• [What you need to do]: The pictures are to be left out when the listing below is reproduced word for word.

• [Recorded data]:
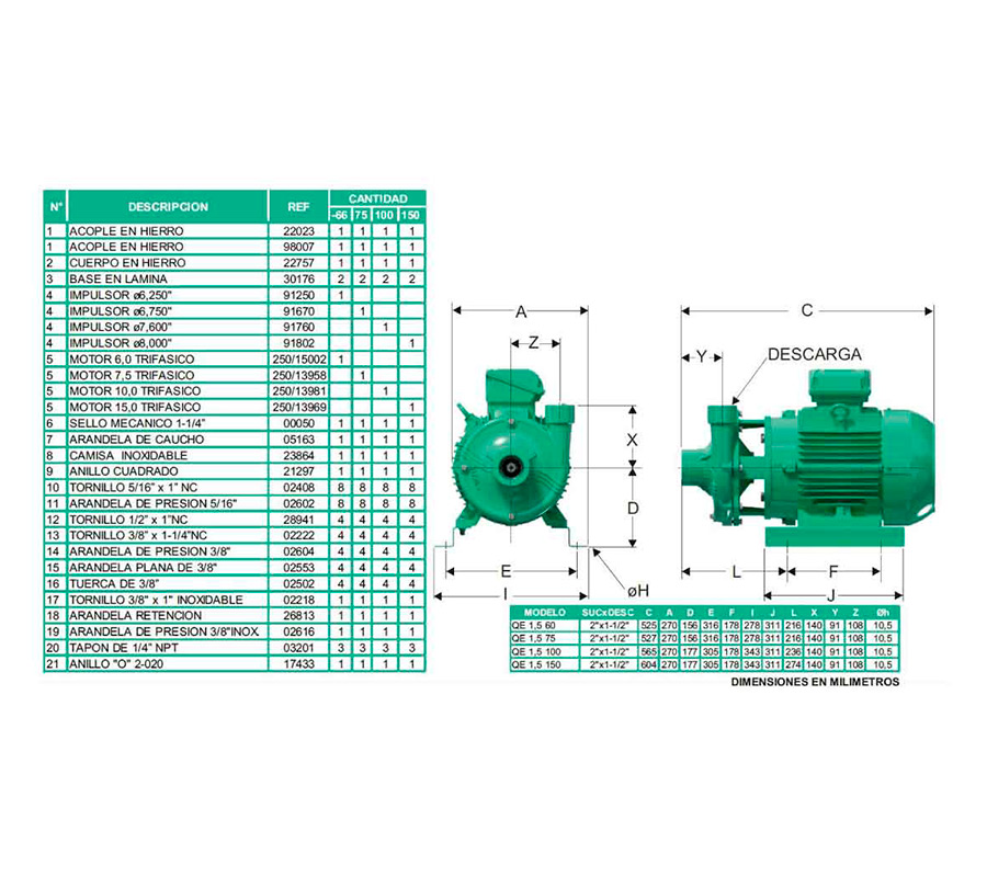MODELO | Ø SUCCIÓN | Ø DESCARGA | POTENCIA
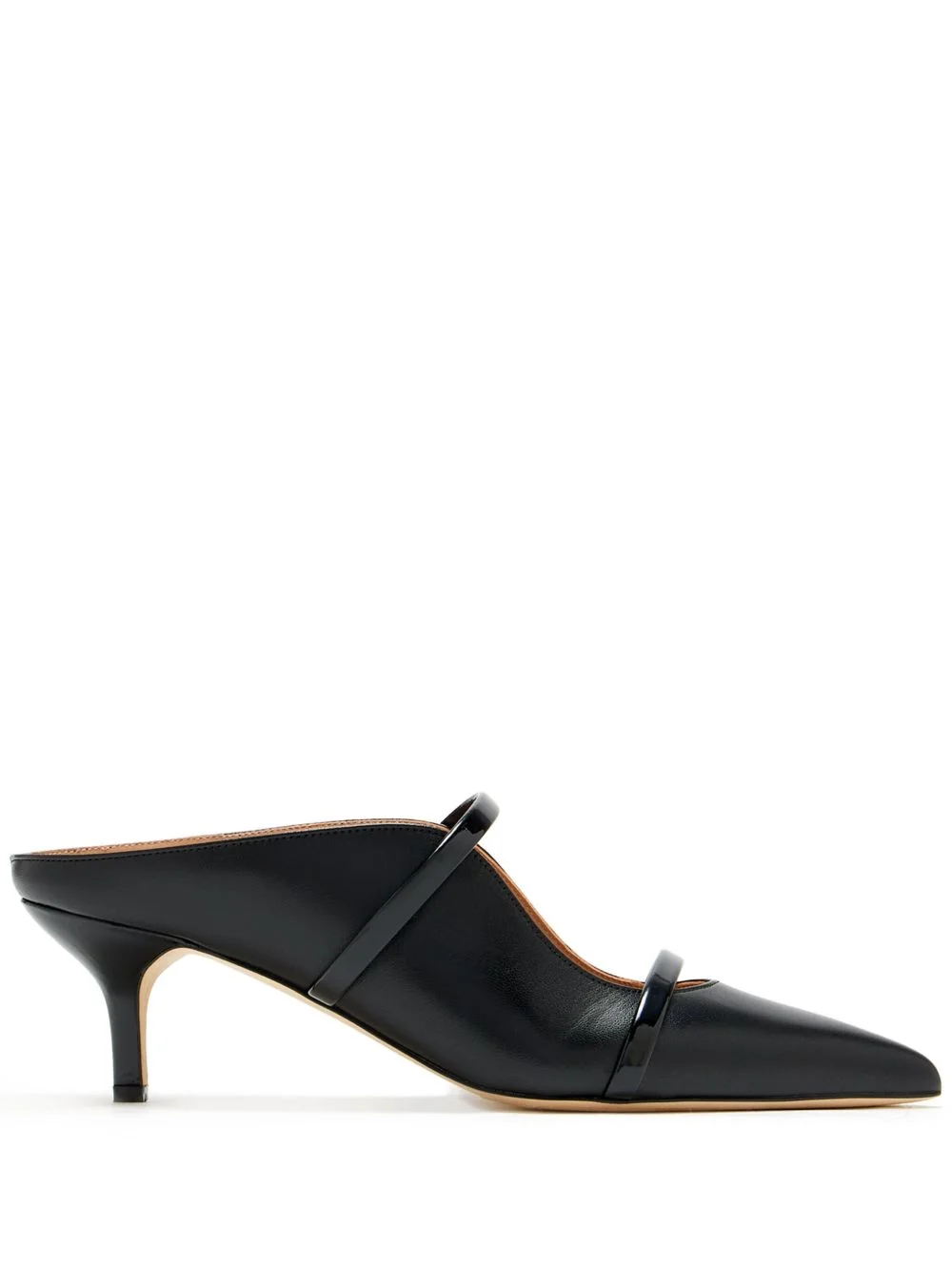 85mm Maureen mules Highlights - Black - Branded leather insole - Leather sole - Thin straps Made in Italy Composition Outer: Calf Leather 100% Sole: Calf Leather 100% Lining: Calf Leather 100% SIZE & FIT Measurement HEEL 3.34 in(8.5 cm)
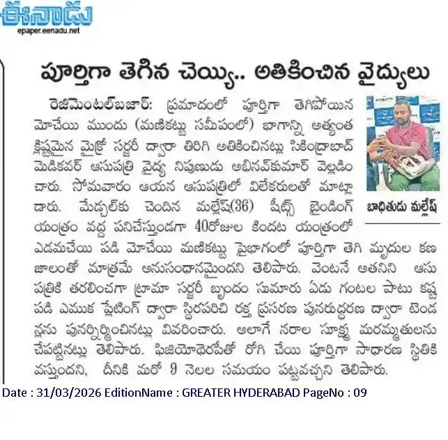 Successful Amputated Forearm Replantation | Limb - Medicover Secunderabad
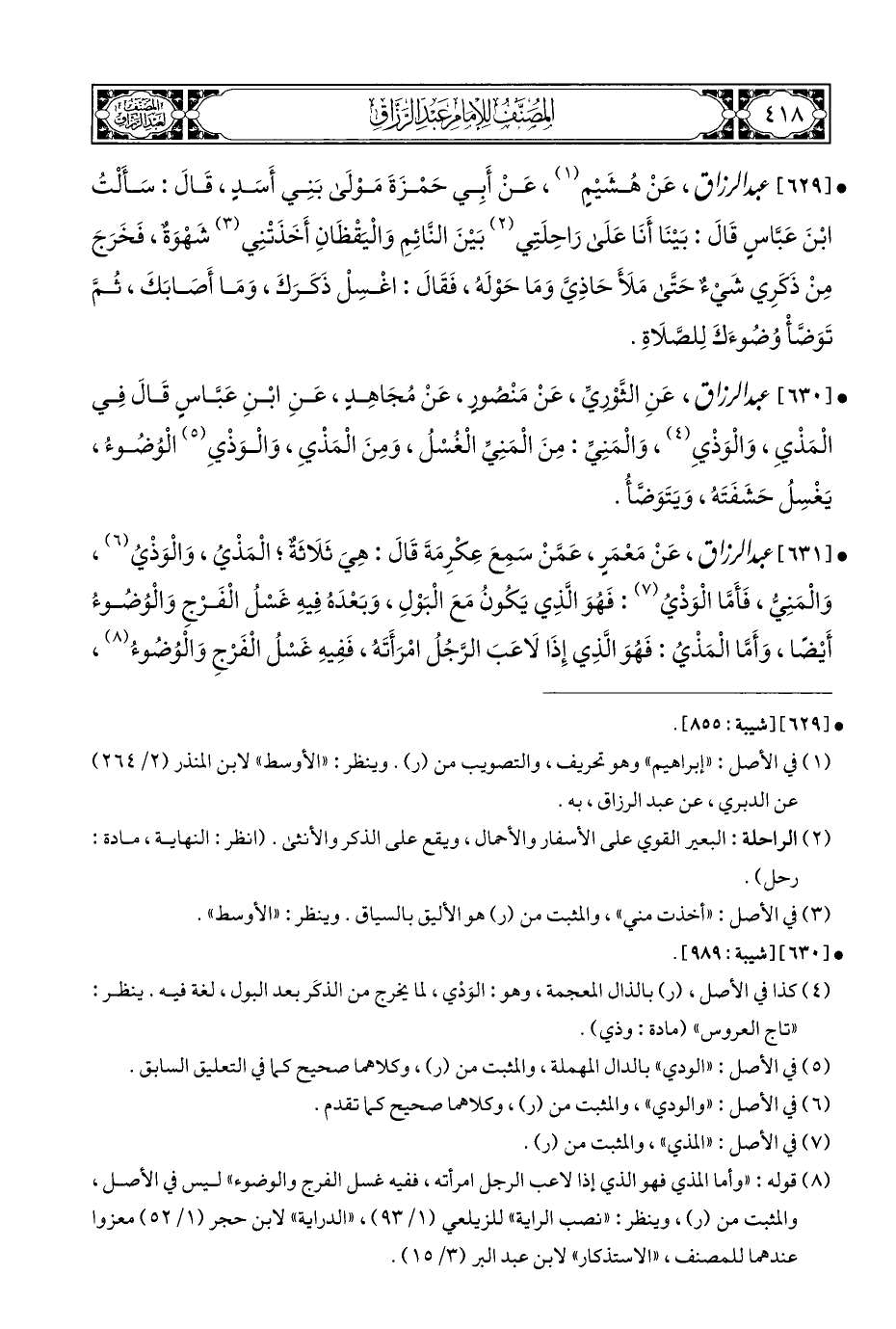 • [٦٢٩] عَبْد الرَّزَّاق، عَنْ هُشَيْمٍ (¬١)، عَنْ أَبِي حَمْزَةَ مَوْلَى بَنِي أَسَدٍ، قَالَ: سَأَلْتُ ابْنَ عَبَّاسٍ قَالَ: بَيْنَا أَنَا عَلَى رَاحِلَتِي (¬٢) بَيْنَ النَّائِمِ وَالْيَقْظَانِ أَخَذَتْنِي (¬٣) شَهْوَةٌ، فَخَرَجَ مِنْ ذَكَرِي شَيْءٌ حَتَّى مَلأَ حَاذِيَّ وَمَا حَوْلَهُ، فَقَالَ: اغْسِلْ ذَكَرَكَ، وَمَا أَصَابَكَ، ثُمَّ تَوَضَّأْ وُضُوءَكَ لِلصَّلَاةِ.

• [Answer to the exercise]:
MODELO | Ø SUCCIÓN | Ø DESCARGA | POTENCIA
 85mm Maureen mules Highlights - Black - Branded leather insole - Leather sole - Thin straps Made in Italy Composition Outer: Calf Leather 100% Sole: Calf Leather 100% Lining: Calf Leather 100% SIZE & FIT Measurement HEEL 3.34 in(8.5 cm)
 Successful Amputated Forearm Replantation | Limb - Medicover Secunderabad
 • [٦٢٩] عَبْد الرَّزَّاق، عَنْ هُشَيْمٍ (¬١)، عَنْ أَبِي حَمْزَةَ مَوْلَى بَنِي أَسَدٍ، قَالَ: سَأَلْتُ ابْنَ عَبَّاسٍ قَالَ: بَيْنَا أَنَا عَلَى رَاحِلَتِي (¬٢) بَيْنَ النَّائِمِ وَالْيَقْظَانِ أَخَذَتْنِي (¬٣) شَهْوَةٌ، فَخَرَجَ مِنْ ذَكَرِي شَيْءٌ حَتَّى مَلأَ حَاذِيَّ وَمَا حَوْلَهُ، فَقَالَ: اغْسِلْ ذَكَرَكَ، وَمَا أَصَابَكَ، ثُمَّ تَوَضَّأْ وُضُوءَكَ لِلصَّلَاةِ.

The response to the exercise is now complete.